Visualization is a critical component in exploratory data analysis, as well as presentations and applications. During exploratory data analysis, you are usually working alone or in small groups and need to create plots quickly to help you better understand your data. It can help you identify outliers and missing data, or it can spark other questions of interest that will lead to further analysis and more visualizations. This type of visualization is usually not done with the end user in mind. It is strictly to help you better your current understanding. The plots don't have to be perfect.
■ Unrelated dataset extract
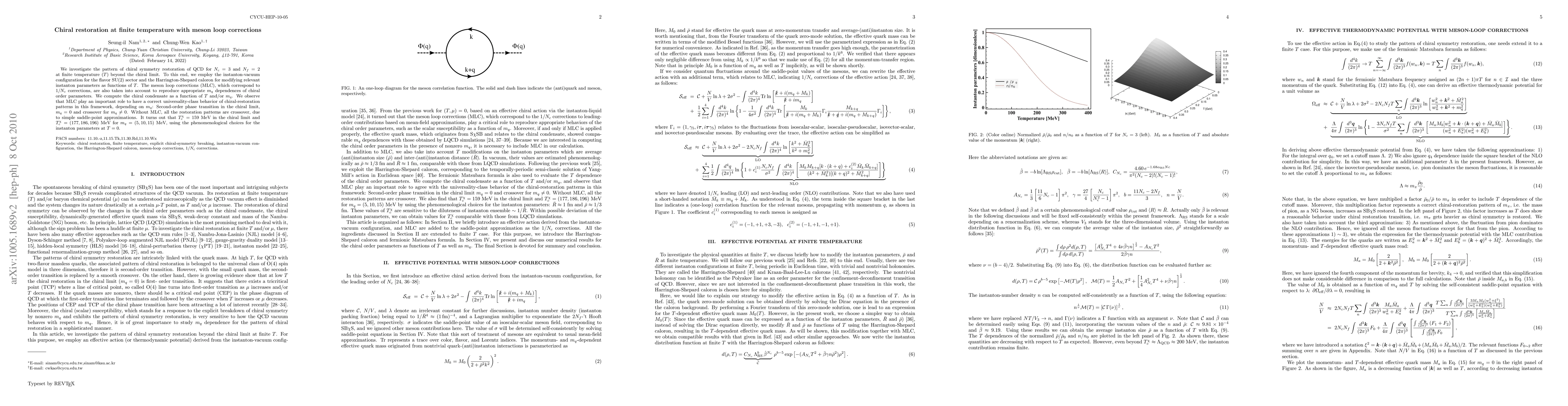 We investigate chiral-restoration patterns of QCD for N_{c}=3 and N_{f}=2 at finite temperature (T) and zero quark-chemical potential beyond the chiral limit, indicating the explicit chiral-symmetry breaking. To this end, we employ the instanton-vacuum configuration for the flavor SU(2) sector and the Harrington-Shepard caloron for modifying relevant instanton parameters as functions of T. The meson-loop corrections (MLC), which correspond to 1/N_{c} corrections, are also taken into account to reproduce appropriate m_{q} dependences of chiral order parameters. We compute chiral condensate as a function of T and/or m_{q}. From the numerical calculations, we observe that MLC play an important role to have a correct universality-class behavior of chiral-restoration patterns in this framework, depending on m_{q}: Second-order phase transition in the chiral limit, m_{q}=0 and crossover for m_{q}>0. Without MLC, all the restoration patterns are crossover, due to simple saddle-point approximations. It turns out that T^{\chi}_{c}=159 MeV in the chiral limit and T^{\chi}_{c}=(177,186,196) MeV for m_{q}=(5,10,15) MeV, using the phenomenological choices for the instanton parameters at T=0.

When preparing visualizations for a report or application, a different approach must be used. Attention to small details must be paid. In addition, you usually will have to narrow down all possible visualizations to only the select few that best represent your data. Good data visualizations have the viewer enjoying the experience of extracting information. Almost like movies that make viewers get lost in, good visualizations will have lots of information that really sparks interest.

The primary data visualization library in Python is matplotlib, a project begun in the early 2000s, that was built to mimic the plotting capabilities from Matlab. Matplotlib is enormously capable of plotting most things you can imagine and it gives its users tremendous power to control every aspect of the plotting surface. That said, it isn't quite the friendliest library for beginners to grasp. Thankfully, pandas makes visualizing data very easy for us and usually plots what we want with a single call to the plot method. Pandas actually does no plotting on its own. It internally calls matplotlib functions to create the plots. Pandas also adds its own style that, in my opinion, is a bit nicer than the defaults from matplotlib.

Seaborn is also a visualization library that internally calls matplotlib functions and does not do any actual plotting itself. Seaborn makes beautiful plots very easily and allows for the creation of many new types of plots that are not available directly from matplotlib or pandas. Seaborn works with tidy (long) data, while pandas works best with aggregated (wide) data. Seaborn also accepts pandas DataFrame objects in its plotting functions.

Although it is possible to create plots without ever directly running any matplotlib code, from time to time it will be necessary to use it to tweak finer plot details manually. For this reason, the first two recipes will cover some basics of matplotlib that will come in handy if you need to use it directly. Other than the first two recipes, all plotting examples will use pandas or seaborn.

Visualization in Python does not have to rely on matplotlib necessarily. Bokeh is quickly becoming a very popular interactive visualization library targeted for the web. It is completely independent of matplotlib, and it’s capable of producing entire applications.